Our templates have had these requirements set up – they’re structured, tell you what headings to use, tell you to put alt text in for your tables and images, it has tips about which colours to use for figures, and tells you not to use colours in tables to mean something, unless you have text that also says the same thing as the colour, things like that.
But like I said, we just haven’t really been able to follow up and see if authors are actually following those instructions. So now with our commitment and more resources, we will be able to make sure that authors are following those instructions which may mean delaying their publication, whereas before it was very quick once they sent it to us, we put it up very quickly. So it’s going to be a big change.
How did you find the process of automating publishing production?
It’s really great. I mean, one of my former coworkers and I tried to do this on our own without any software to see if it was doable and it took forever, and it was not actually as doable as we thought. We could do Word to XML and then XML to HTML, but it took a very long time and a lot of effort.

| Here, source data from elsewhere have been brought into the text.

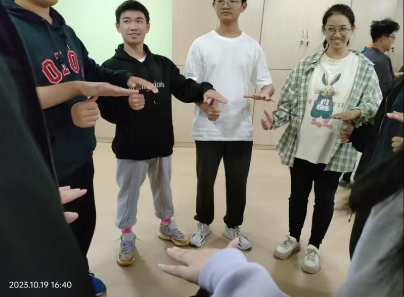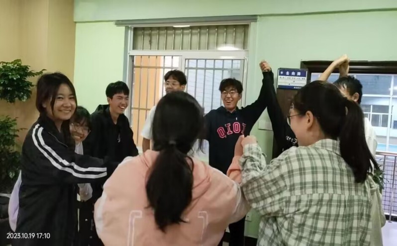 “心有千千结”环节,同学们被主持人打散队形,再手拉手形成“千千结”,大家共同寻找解决问题的方法,最终解开复杂的结,彼此间关系更加亲密。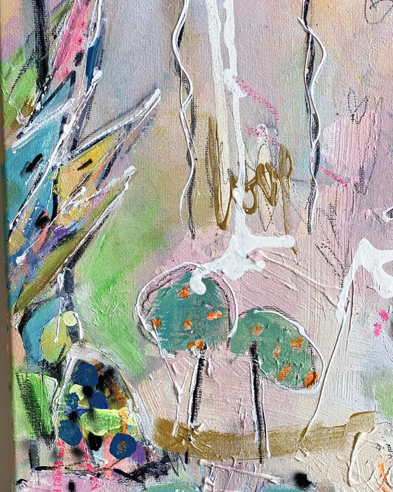Life loves you No.26 is a 38 cm W x 46 cm x 2 cm deep mixed media painting.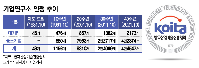 제도 도입으로 축적되기 시작한 국가 R&D 기초체력은 40년 만에 몰라보게 달라졌다. 21일 산기협에 따르면, 인정 기업연구소는 1981년 46개에 이어 1991년 1156개, 2001년 8810개, 2011 2만4099개, 올해는 4만4547개, 무려 966배로 폭풍 성장했다. 또 대기업 뿐만 아니라 중소기업도 국가 R&D의 핵심 플레이어로 성장했다. 전체 인정 대상 연구소 중에서 중소기업 비중은 95.4%로 적어도 양적 측면에선 눈부신 성과를 낳았다.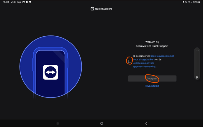 - Download Teamviewer Quicksupport via de Google Play Store (klik op de knop hierboven).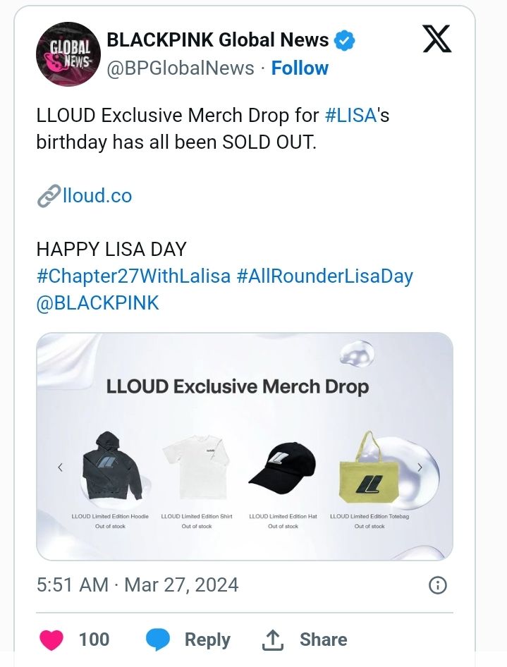On March 27, BLACKPINK’s LISA unveiled LLOUD-branded goods for her 27th birthday. A limited edition of 327 black hoodies, white short-sleeved T-shirts, black caps, and yellow-green tote bags were available online. MD prices were $65, $35, $30, and $30.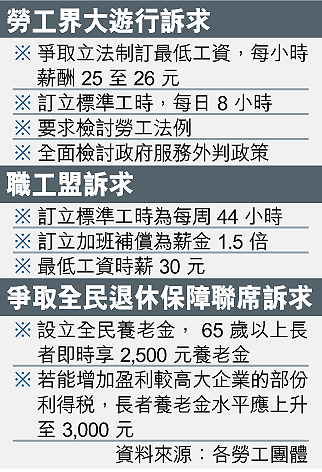 至於由52個團體組成的爭取全民退休保障聯席,昨日也趁五一前夕舉行記者會,要求港府關注打工仔退休問題,增設全民養老金。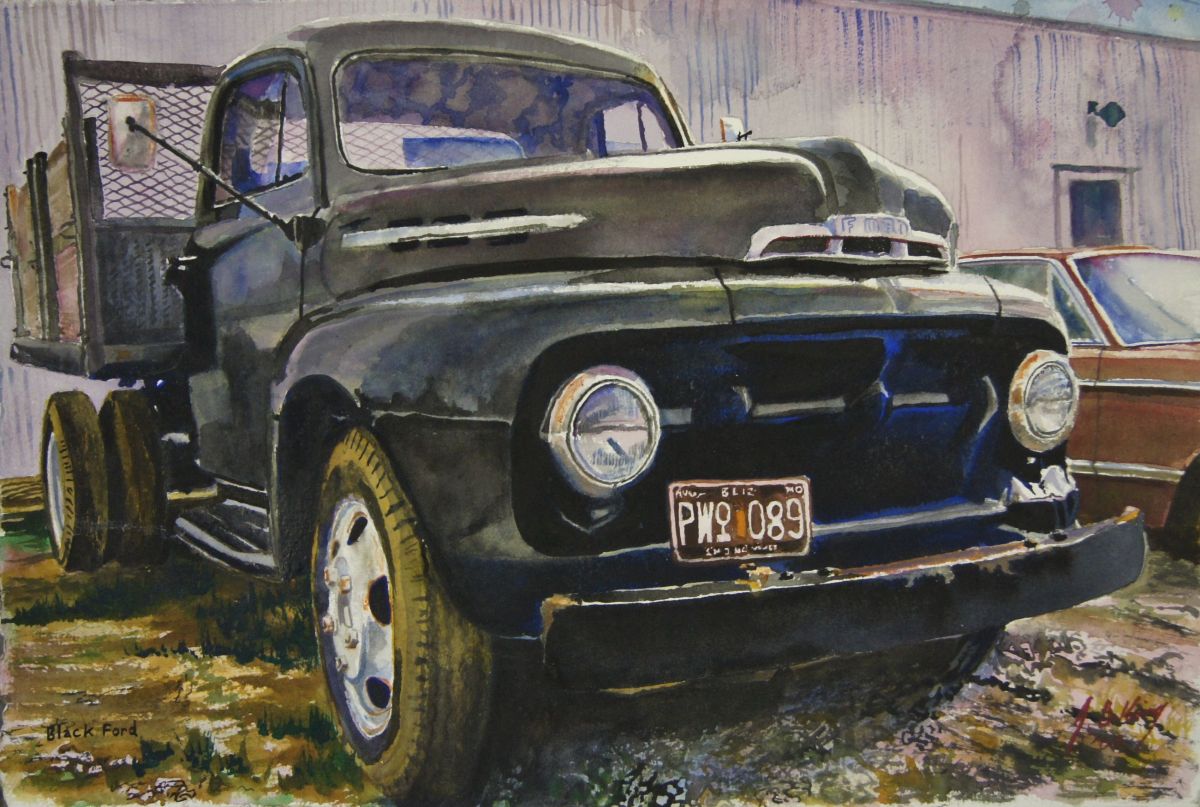 Black Ford Published October 10, 2019 at 2601 × 1750 I think this is either a 1953 or ’54. Watercolor on Arches 300 lb. Cold Press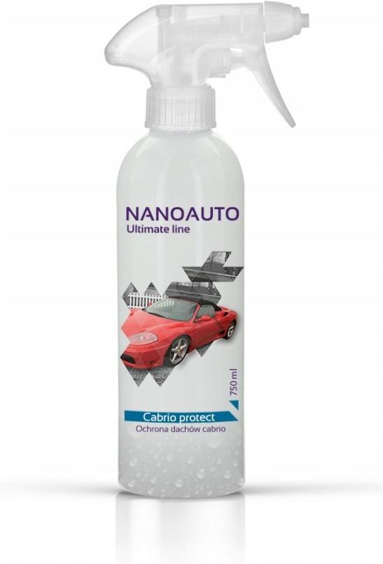 NANOAUTO Cabrio Protect - impregnat do dachów materiałowych Pojemność: 250ml Innowacyjny preparat wykorzystujący nanocząsteczki do zabezpieczenia materiałowych dachów samochodów typu Cabrio. Zastosowanie nanotechnolgii zapewnia zabezpieczenie każdego pojedynczego włókna zabezpieczonej powierzchni dzięki temu preparat tworzy bardzo mocną i trwałą nanopowłokę.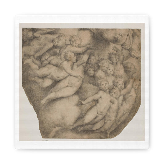 God the Father Borne by Angels in Clouds, after the Cupola at Cortemaggiore, by Giovanni Antonio Da Pordenone, Art Print from the Original on Canvas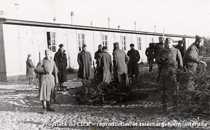 Oflag IID – Gross-Born : Prisonniers Français et deux gardiens allemands. Les branchages sont vraisemblablement rapportés par les prisonniers quand ils vont faire des corvées de dessouchage à l'extérieur du camp pour avoir plus de combustible à bruler dans les poêles des « stubes » (chambres).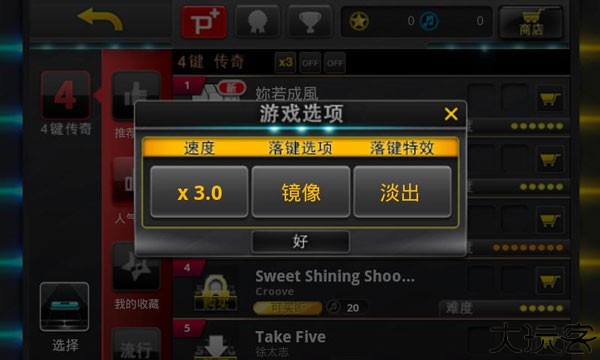 4、可以选择难度、速度、键盘选项、还有落键特效。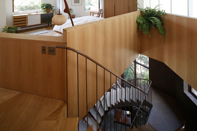 Cầu thang dẫn từ tầng trệt lên tầng trên của ngôi nhà được thiết kế đơn giản với lan can thấp, cho phép ánh sáng dễ dàng len lỏi vào sâu bên trong. Ảnh: Designboom.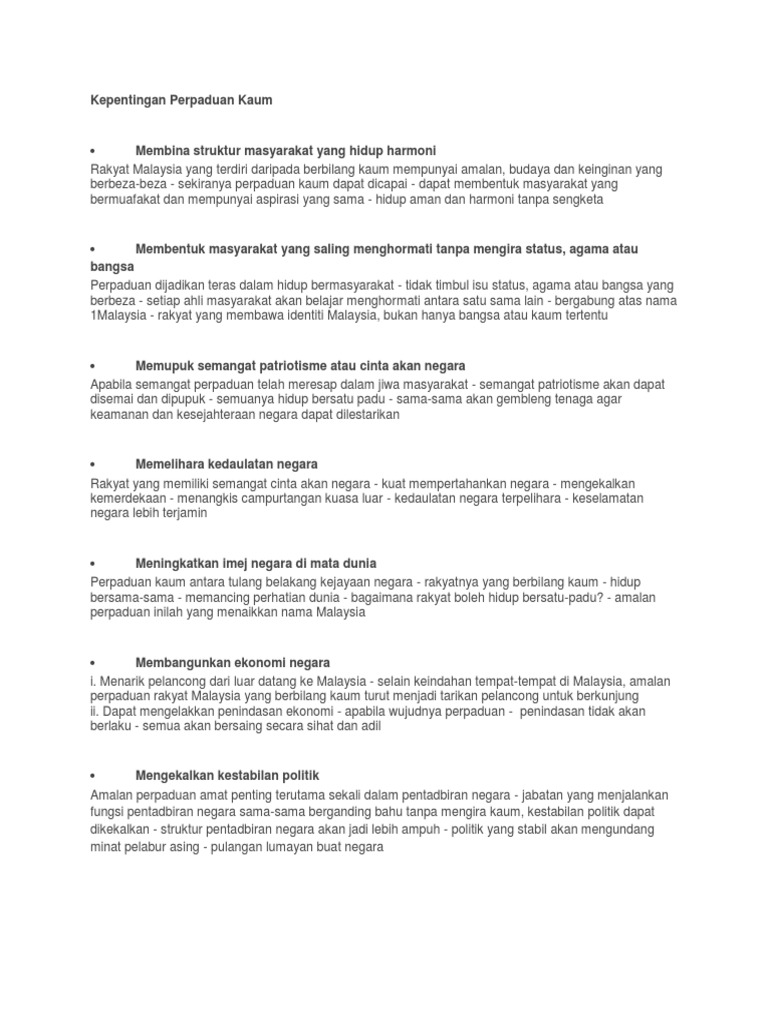 Kejayaan yang dicapai oleh malaysia menerusi perpaduan kaum. We did not find results for: Check spelling or type a new query. Maybe you would like to learn more about one of these?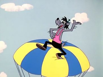 Волк отдыхает на лугу неподалёку от деревни. Вблизи него приземляется самолёт, в который забегают Зверята-парашютисты, среди которых оказывается Заяц. Волк следует за ним. После подъёма самолёта на высоту хищник по примеру Зайца выпрыгивает наружу. Осознав отсутствие парашюта, Волк приходит в ужас, однако приземление на курятник с соломенной крышей смягчает падение. Волк пробивает крышу, но на него набрасывается петух, несколько раз клюёт, выгоняя из курятника.

So automating it and just working with the two vendors was just really great to see how quickly it went and then, you know, it does require your XML to be perfect, but when it is, it works great and it’s so fast. That was really great, a relief, and now I just have to focus on our authors and not the process.
Do you have any advice for people looking to do something similar?
What I wish I would have done first was to really take a good look at what we had. I knew that we wanted to start with these high-impact computer security publications, because they are definitely our most utilised, downloaded and re-used publications. But I didn’t really pay as much attention to the Word documents as I should have before I started.
I think maybe cleaning them up with the authors at the beginning probably would have saved some time because now we might have to do it at the end, after we’ve set up the conversion process. The processes are in place, so that won’t be a problem, but I think if I had to do it over again, I would have started with making those Word documents perfect at the beginning.
Publishing Services Librarian | NIST
The National Institute of Standards and Technology (NIST) promotes U.S. innovation and industrial competitiveness by advancing measurement science, standards and technology in ways that enhance economic security and improve our quality of life. NIST is a nonregulatory agency of the U.S. Department of Commerce.
Kathryn Miller’s work at NIST includes coordinating the production, dissemination, marketing, bibliographic control, and impact assessment activities related to the publishing of the Journal of Research of NIST and the NIST Technical Series Publications.
Kathryn holds a master’s degree in library science with a focus in archives, records, and information management from the University of Maryland at College Park. She is also a certified Library Carpentry instructor and holds a Certificate in User Experience in Libraries from Library Juice Academy.